Using Data Analysis to Identify Loyal Customers, Before They Become Loyal
“Station10’s insights have transformed how we look at our business; one in particular led to a series of efficiency-focused strategies and KPIs to save customer’s time. Last year, the business saved its customers 9 million hours cumulatively. Without this insight, we would not have made these business changes.”
What did we do?
Data insights are playing an ever-increasing role in helping companies to understand their customers and make more informed business decisions.

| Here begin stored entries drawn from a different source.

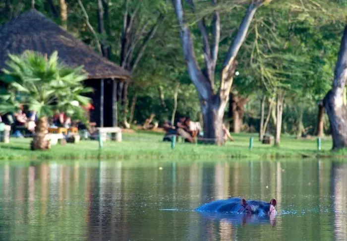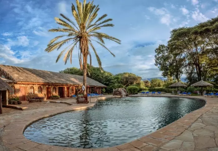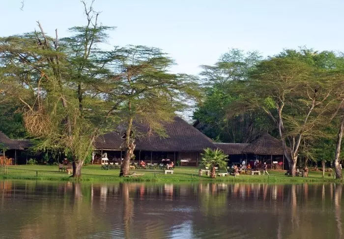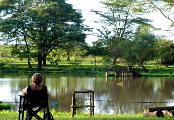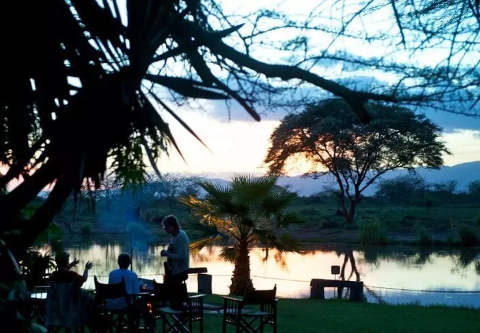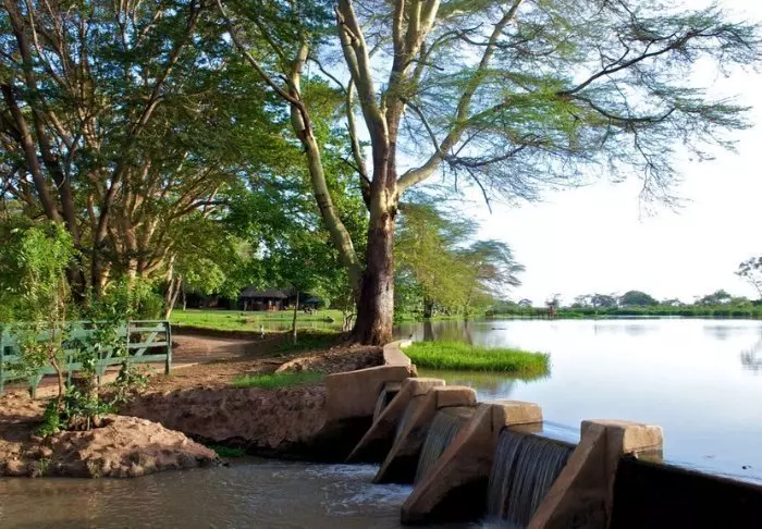 Campen ligger ved Sante floden, og fra græsplænen foran campen har du den smukkeste udsigt mod Kilimanjaro. Floden har dannet en dam foran lodgen, som tiltrækker massevis af fugle, og flodheste og krokodiller boltrer sig lystigt i vandet (og om natten på græsplænen foran lodgen).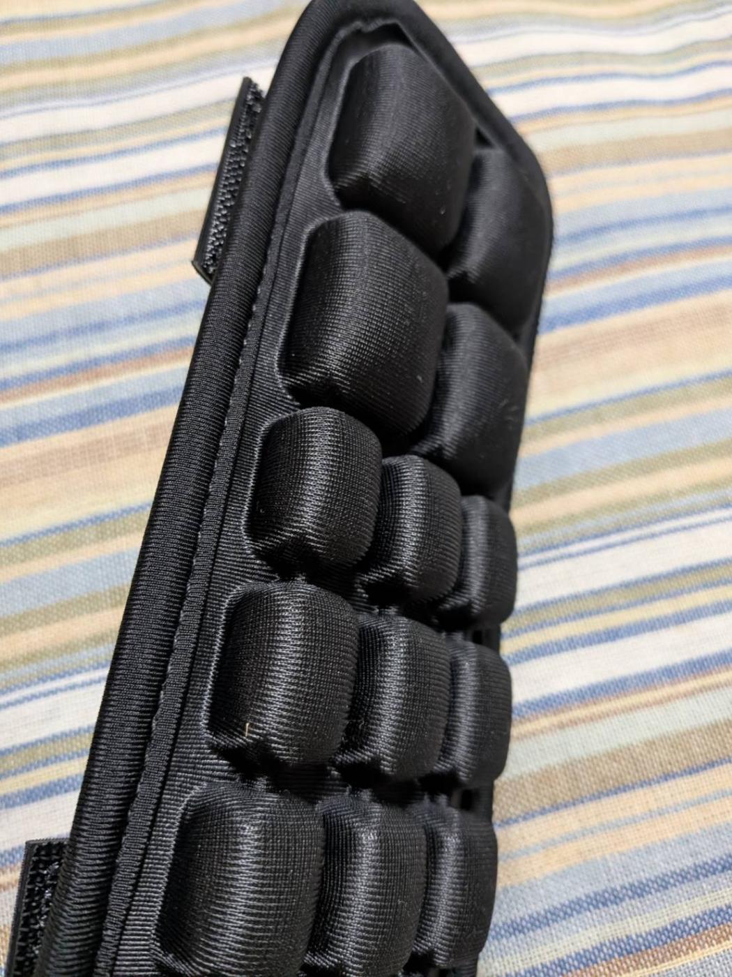 ベルトにはプッシュポップみたいに空気ボックスがいくつもついていて、中の空気量を調整することもできるそうです。空気が多めだと、荷物と体の隙間も開くので持ちやすいかも。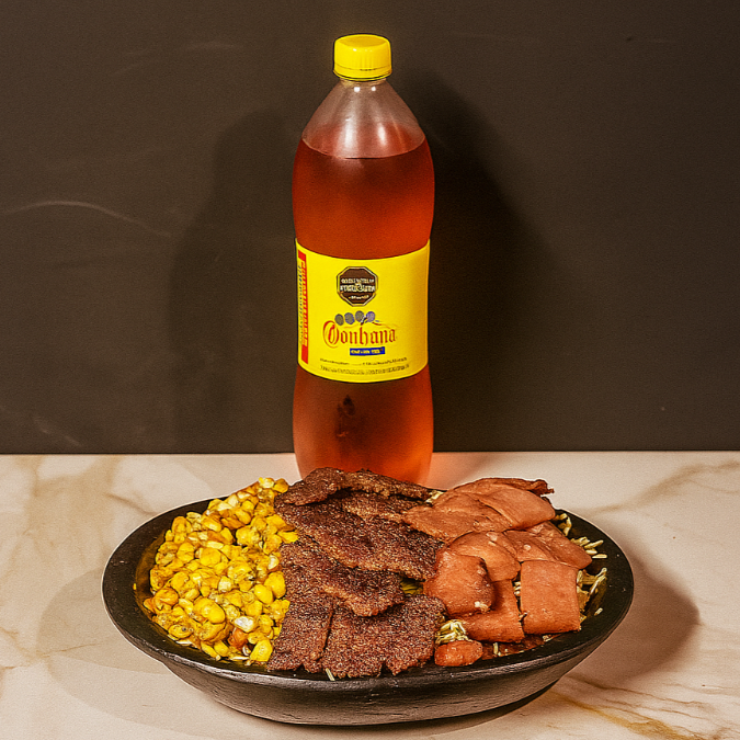 Papa amarilla, salchicha, queso, maíz dulce, ripio de papa, carne de hamburguesa, asada a la parrilla, tocineta y gaseosa econolitro.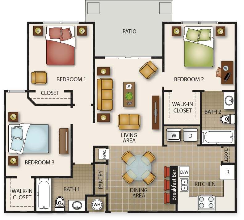 Apartment Model: Three Bedroom Two BathFrom $1,4493 Bedroom, 2 Bath, 1046 sq ftAvailable Now![]()

The opportunities are boundless: better store location planning; a more effective, more personalised consumer experience; improved acquisition and retention programmes; and enhanced lifetime customer management are just some of the ways data analytics drive business growth.
Tesco could recognise loyal customers after 3 months of shopping online with them, but they wanted to know “Can indicators of loyal behaviour be spotted early on? That is, before they become loyal. What’s the best way of targeting these customers?”

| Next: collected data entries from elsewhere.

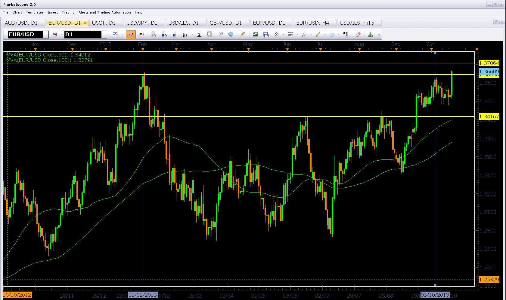 האירו מעפיל לשיא חדש למול הדולר ומאיים על השיא של פברואר: האירו-דולר נמצא במגמת עלייה מאז השפל של תחילת יוני ב-1.275 והוא קובע כל העת שיאים גבוהים יותר. הזינוק ביממה האחרונה דחף את הצמד מעל השיא האחרון ב-1.363 וכעת הצמד ברכו לבחון את השיא המשמעותי של פברואר ב-1.37. מבחינת תורת הגלים, נראה שאנו בתחילתו כעת של הגל החמישי והאחרון במגמת העלייה מ-1.275, ועל כן ייתכן שאנו לקראת סיומו של מהלך העליות הנוכחי לפני שנראה תיקון כלשהו.
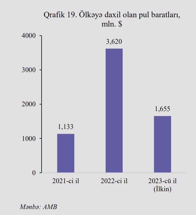 2022-ci ildə ölkəyə daxil olan pul baratlarının həcmi 3 milyard 620 milyon dollar təşkil etmişdi.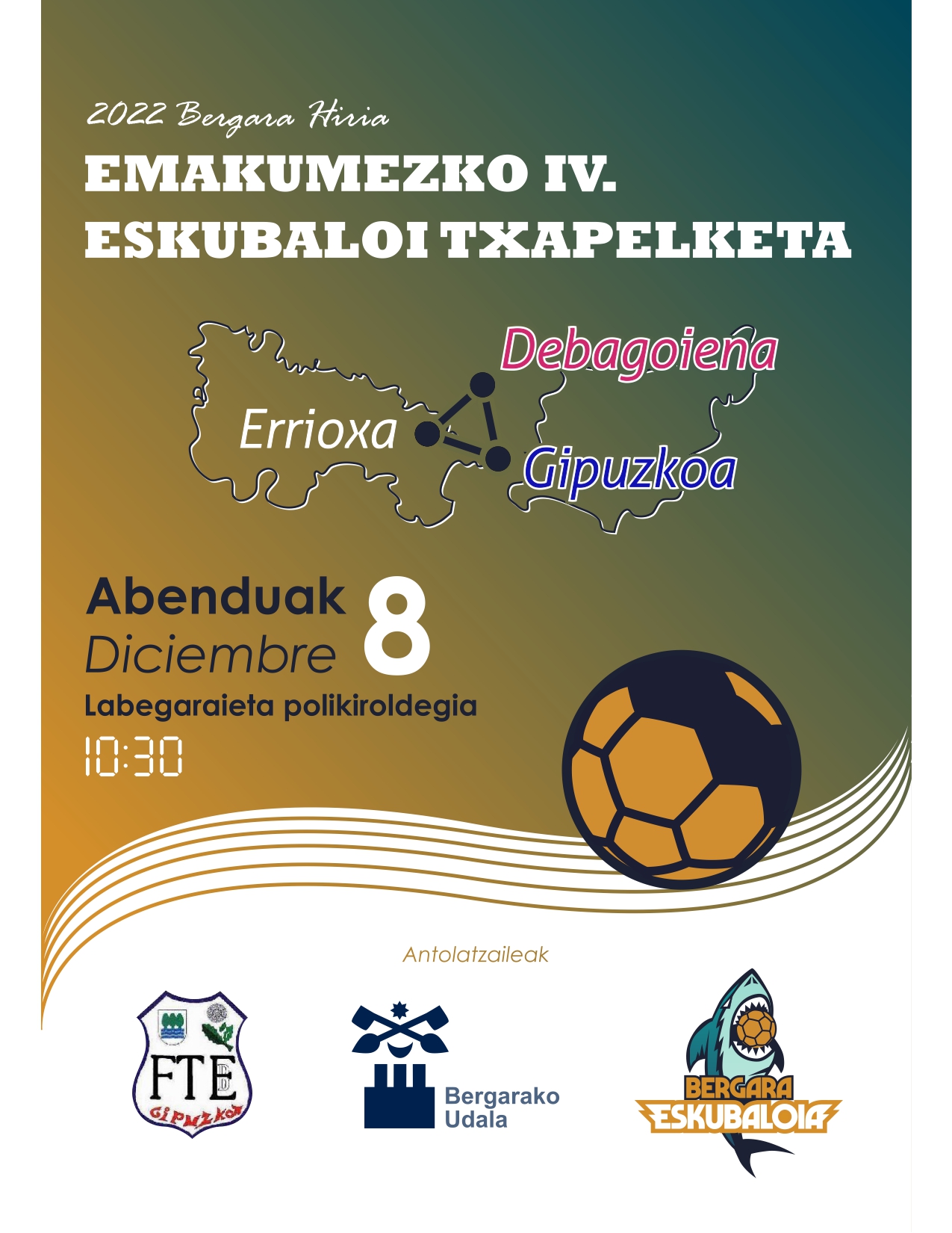 2022 Bergara Hiria Emakumezko IV. Eskubaloi Txapelketa Osteguna abenduak 8 goizeko 10:30etan. Labegaraieta polikiroldegia (Bergara) Laugarren aldiz egiten den txapellketa da. Hiru talde izango...

When Tesco asked us this question, we were delighted to be able to use our expertise to deliver results-focused, usable insights. In order to manage stock levels more effectively, the UK’s largest supermarket chain wanted to know:
- Are there behavioural indicators of future loyalty?
- Is this behaviour influenced by cross-channel factors?

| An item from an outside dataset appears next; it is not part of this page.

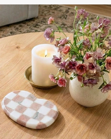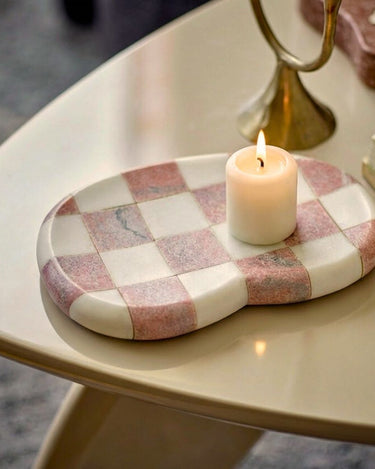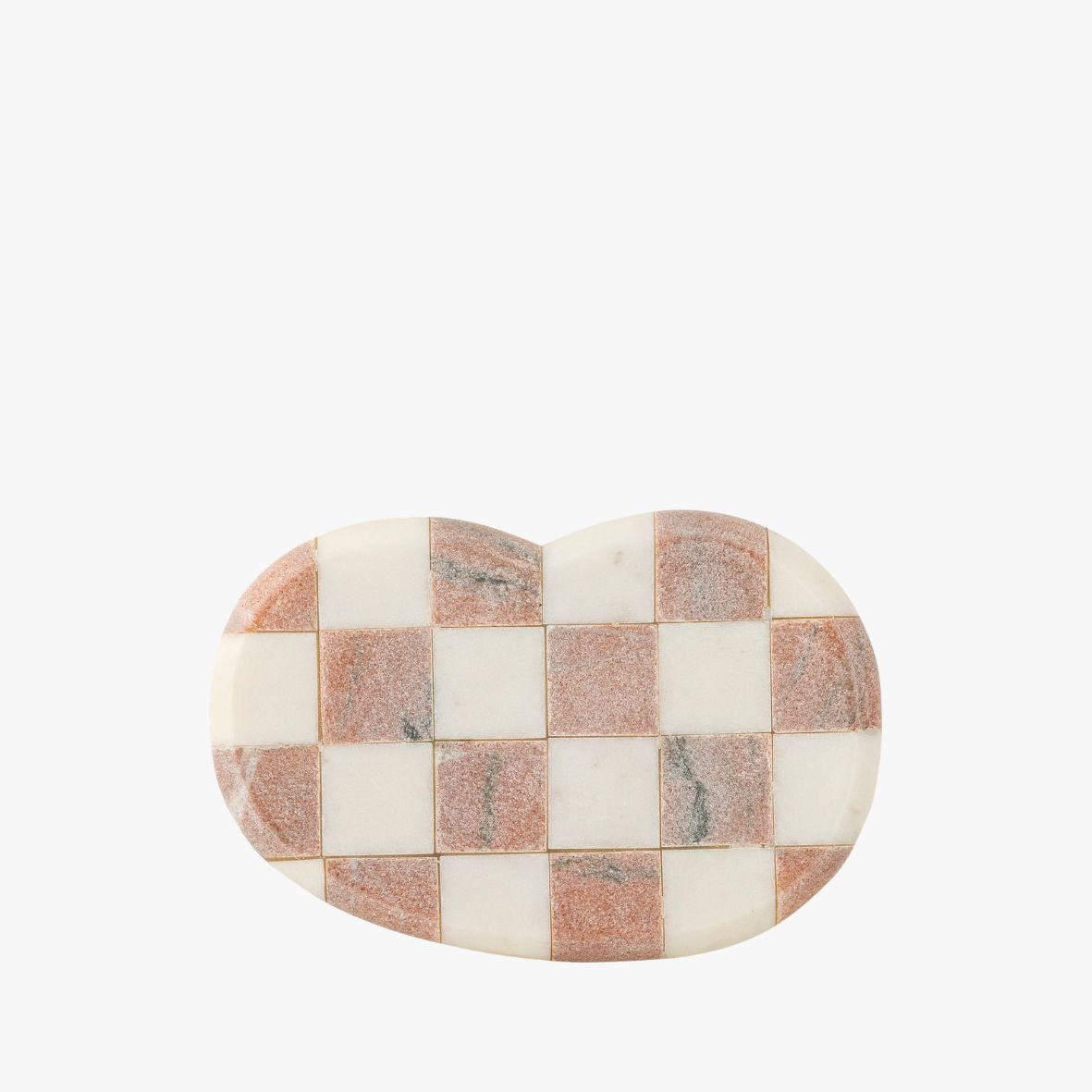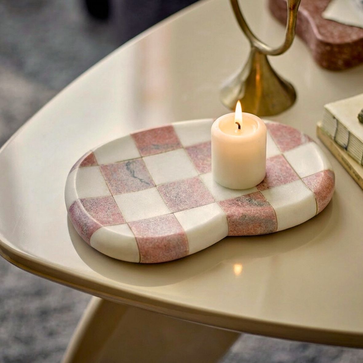 There’s something quietly romantic about the Primrose Tray. Crafted from polished marble with alternating rose and soft beige squares, it feels both timeless and fresh — like a vintage find that somehow fits perfectly into a modern home. The gentle curves along its edges soften the checkerboard pattern, while the delicate natural veining reminds you that no two pieces will ever be exactly alike. Each tray carries its own subtle story, shaped by the stone itself. L22xH2,5xW14,5 cm

- Can these factors be used to manage lifetime value?
These are excellent, important questions in a multichannel world. So, Station10’s multi-skilled project team got to work integrating offline and online customer transaction and behavioural data.
How we helped: Results
Firstly, we needed to take inherent bias out of the data to ensure that the results weren’t skewed by the fact that customers who stay for longer are, almost by definition, more likely to spend more.
To do this, we created a loyalty cohort behavioural analysis with additional offline data integration for an omnichannel view. We also overlaid previous analysis on frequency and purchase type behaviour to create a more detailed segmentation for future targeting. This allowed us to understand the comparison between two groups over time.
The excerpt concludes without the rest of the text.